I have table names in the format: s_CUSTOMER_ID_YYYYMMDD
I can find all the tables for a customer ID using:
SELECT *
FROM TABLE_QUERY([project:dataset],
'REGEXP_MATCH(table_id, r"^s_CUSTOMER_ID")')
And I can find all the tables for a date range via:
SELECT *
FROM (TABLE_DATE_RANGE([project:dataset],
TIMESTAMP('2016-01-01'),
TIMESTAMP('2016-03-01')))
But how do I query for both at the same time?
I tried using sub queries like this:
SELECT * FROM
(SELECT *
FROM TABLE_QUERY([project:dataset],
'REGEXP_MATCH(table_id, r"^s_CUSTOMER_ID")'))
,(SELECT *
FROM (TABLE_DATE_RANGE([project:dataset],
TIMESTAMP('2016-01-01'),
TIMESTAMP('2016-03-01'))))
...but the parser complains of Error: Can't parse table: project:dataset.

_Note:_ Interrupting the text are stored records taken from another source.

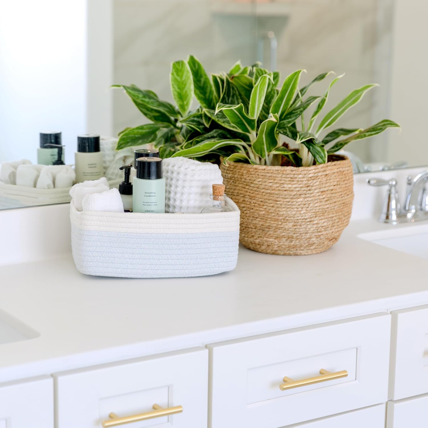 - Safe, Natural Cotton Organizer Bins: Crafted from the highest quality material in the market, our storage bins are oh-so-sturdy (and cute) and ready to take on little humans. They’re 100% safe, so you can rest easy if teething toddlers take a nibble. Reinforced Hidden Handles: Now you see ‘em, now you don’t! With completely hidden handles that blend seamlessly into the rope basket, you’ll be the Houdini of home organizing. They’re even double-stitched and reinforced for extra heavy loads!
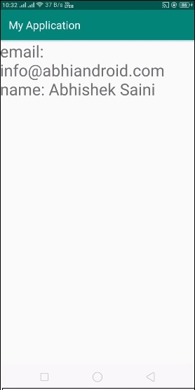 <?xml version="1.0" encoding="utf-8"?> <LinearLayout xmlns:android="http://schemas.android.com/apk/res/android" xmlns:app="http://schemas.android.com/apk/res-auto" xmlns:tools="http://schemas.android.com/tools" android:layout_width="match_parent" android:gravity="center" android:layout_height="match_parent" tools:context=".MainActivity"> <TextView android:id="@+id/text" android:textSize="30sp" android:layout_width="match_parent" android:layout_height="match_parent" /> </LinearLayout>
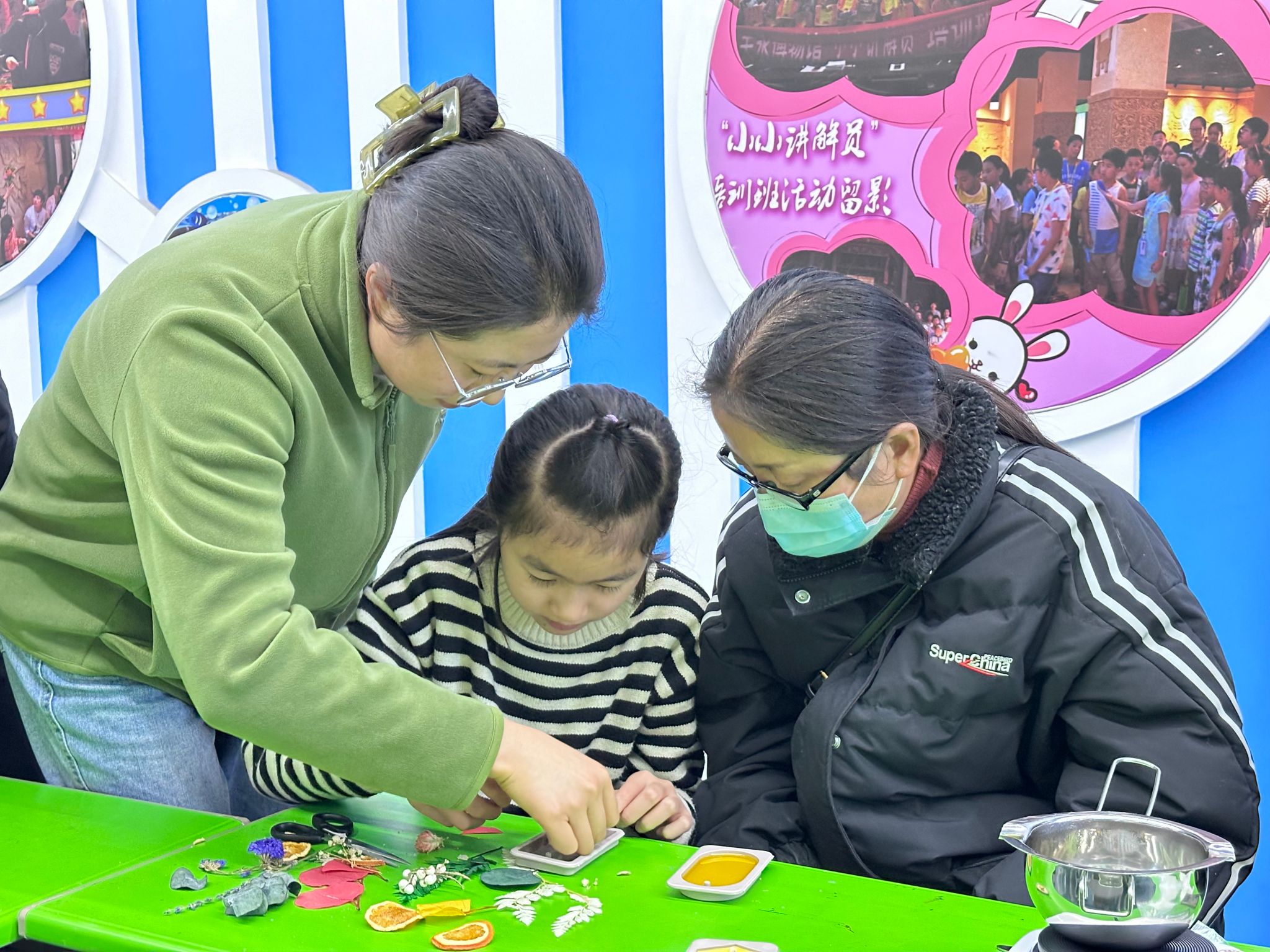 融铸一块精致的挂牌,包含各种谷物和干花,炼化一缕沁人的幽香。活动现场,宣教老师已经早早准备好了蜡油、香薰精油、谷物等制作材料。孩子们认真听取了老师讲解制作的步骤,便迫不及待地开始动手制作了。通过融蜡、倒蜡、调色等步骤,蜡牌的基本模样已经定型。随后大家发挥“头脑风暴”,用五谷与干花装饰,制作出一个个别具匠心的香薰挂牌,大家畅享在手工带来的乐趣,欢声笑语此起彼伏。
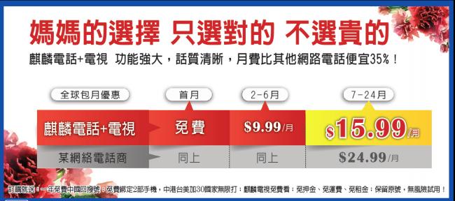 促銷至5/31/2015。訂購全球包月24個月計劃:第一個月免費,第2-6個月: $9.99/月,第7-24個月: $15.99/月。第一個月月費在訂購時還是會被收取,於3個工作日退。訂購全球包月12個月預付費計劃:送一個月免費,第2-3個月: $9.99/月,第4-12個月: $15.99/月,預付$9.99*2 +$15.99*9。訂購以上任一促銷可得免費麒麟套裝(價值【$16.99】/月),長城平台套裝(價值【$22.99】/月)或台灣套裝(價值【$22.99】/月)+影視點播(價值【$10】/月)+兒童天地套裝(價值【$10】/月)。免費中文電視開台費$50/年(第二年需至電麒麟電視才可得此優惠價)。免費電視只限1台電視機頂盒再加一台客戶自有設備 (智能電視/個人電腦/平板電腦),第一台電話及電視設備免押金及嗶M。不得與商家其它優惠合並使用。適用額外費用和稅項。麒麟電視保留對其商標, 商號及服務標識的權利。更多促銷規則詳情:請點這裡。
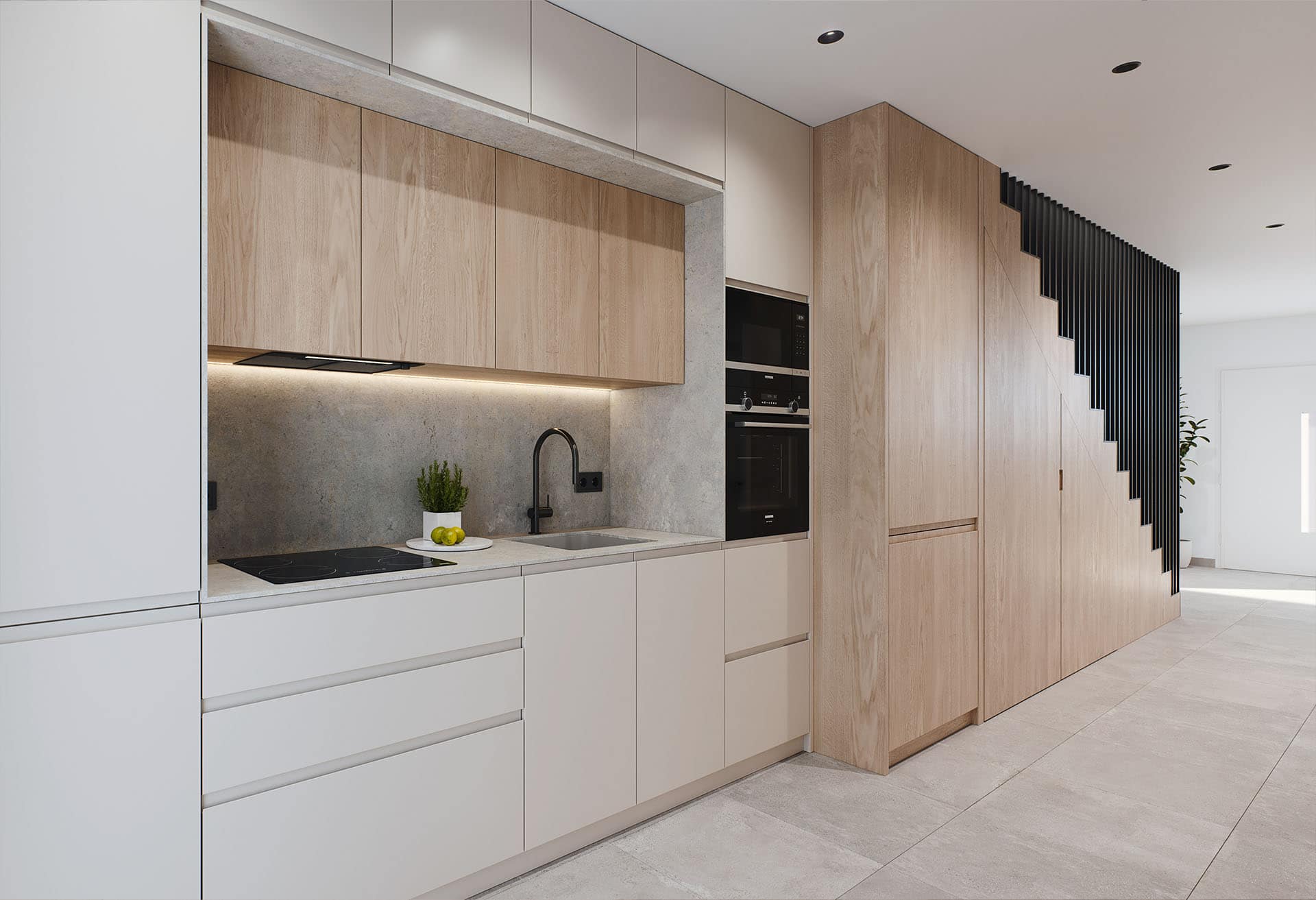 The homes feature attractive outdoor spaces, including private gardens and terraces, ideal for enjoying the Mediterranean climate. Additionally, each property has a private pool, offering a perfect space for outdoor leisure and relaxation. The presence of a solarium adds a special touch, allowing for panoramic views and moments of rest under the sun. The combination of these outdoor elements ensures a welcoming and functional environment for the whole family.

Adding a dot so they are project:dataset. brings an error Error: Error preparing subsidiary query: Dataset project:dataset. not found
Are my table names poorly done? What would be a better way of organising them if so?
Below quick "solution" - should work and you can improve it based on real/extra requirements you probably have
SELECT *
FROM
TABLE_QUERY([project:dataset],
'REGEXP_MATCH(table_id, r"^s_CUSTOMER_ID")
AND RIGHT(table_id, 8) BETWEEN "20160101" AND "20160301"')